Sermon.
St Michael and All Angels, Little Ilford
Advent
4 (Year C)
Isaiah
7.10-16; Matthew 1.18-25
Among
the things that are haunting me is... How... Trump? How Trump? I
probably don't need to say any more. I'm speaking about the President
Elect of the USA and how he got to be that. Well, one line among the
commentators is that some took Trump literally, and some took
him seriously.
- Those who took him literally saw a man of misogyny, racism, treason indeed and voted against him.
- Those who took him seriously heard him as a change-maker, and they voted for him, as they wanted change above all else.
Personally,
I doubt that works (though it would be nice in some ways if it were
that).

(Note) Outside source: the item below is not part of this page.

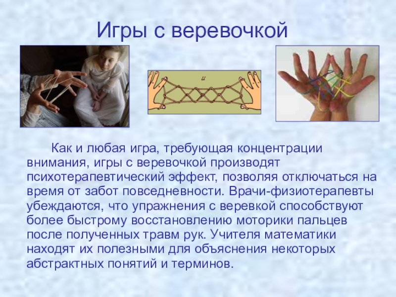 веревочкой производят психотерапевтический эффект, позволяя отключаться на время от забот повседневности. Врачи-физиотерапевты убеждаются, что упражнения с веревкой способствуют более быстрому восстановлению моторики пальцев после полученных травм рук. Учителя математики находят их полезными для объяснения некоторых абстрактных понятий и терминов.

But! But it's a good distinction to make - when it comes to
today's readings.
Let's
be clear about the difference.
- To take a statement literally is to understand each of the words in their simplest, plainest most obvious sense. Nothing can 'stand for' something else. If you say 'it's literally raining cats and dogs' you can only mean furry animals are falling from the sky, woofing and miaowing as they fall.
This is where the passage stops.